The parties had agreed an appropriate starting point of $3 million, which was below previous starting points of $5.5 million and $6 million in other recent cases. Justice Churchman agreed a starting point of $3 million was appropriate given the following factors:

  • The nature and extent of MAS’s breaches were significant, especially the failure to remediate errors identified in 2015, the timespan for the breaches, the proportion of its customer base affected, and the lack of checking or auditing of manual processes.
  • Although only a small number of customers were affected by the underpayment issue, it came at a time of real need or vulnerability for them which resulted in direct financial harm (the average underpayment was $10,067.88) and possibly emotional harm.
  • MAS had failed to invest in compliance systems and the FMA described its compliance culture as “highly troubling”. The inaction in escalating or fixing some of the issues meant MAS fell well short of the standards expected of it.
  • A penalty ought to deter other market participants from acting in a similar manner but must not be set so high that it puts off self-reporting and remediation.
  • MAS is a smaller insurer than others in the market and deterrence would still be met by imposing a smaller penalty than other larger and more profitable market participants might receive.
  • MAS had compensated affected customers in full and put in place systems and processes to ensure remediation occurs in the case of any future FMCA breaches.
  • Although the multi-claim bonus issue overcharged some customers, the errors also meant other customers were undercharged approximately $5.0 million to $5.5 million.

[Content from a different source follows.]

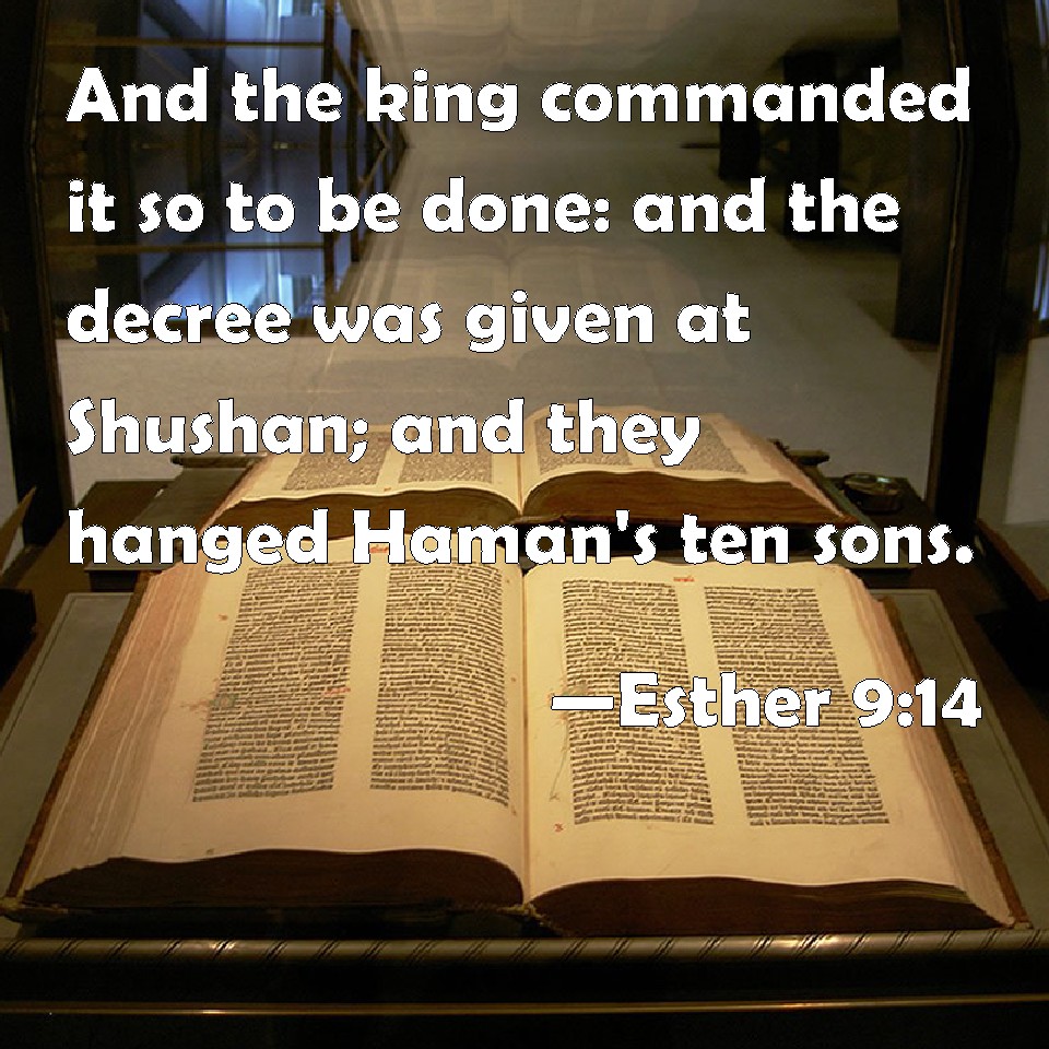 And the king commanded that it should be so done. And forthwith the edict was hung up in Susan, and the ten sons of Aman were hanged.

From the $3 million starting point, the total penalty was adjusted downwards by 30% to $2.1 million on the basis of:

  • A discount of 25% to recognise MAS’s admissions and full co-operation with the FMA’s investigation since 2019. Any larger discount is reserved for cases where the wrongful party provides a significantly enhanced degree of co-operation.
  • A further 5% discount to acknowledge the self-reporting and the fact it was MAS’s first contravention of the FMCA.

Our view

As with most things, prevention is the best cure. The new financial conduct regulatory regime for banks and insurers should ensure more effective processes, policies and systems to stop the breaches which occurred in MAS from happening in the first place. You can read more about the Financial Markets (Conduct of Institutions) Amendment Act 2022 (COFI Act) here.

Nevertheless, historic and ongoing breaches are still likely to arise. The MAS penalty decision is the latest example to financial institutions that a pecuniary penalty is likely in such cases, and the extent of such a penalty will be influenced by a range of factors. Self-reporting, early admissions, co-operation with the FMA, and customer remediation are all sure-fire ways to keep a penalty as low as possible.

Special thanks to Madina Miyakhel for her assistance in writing this article.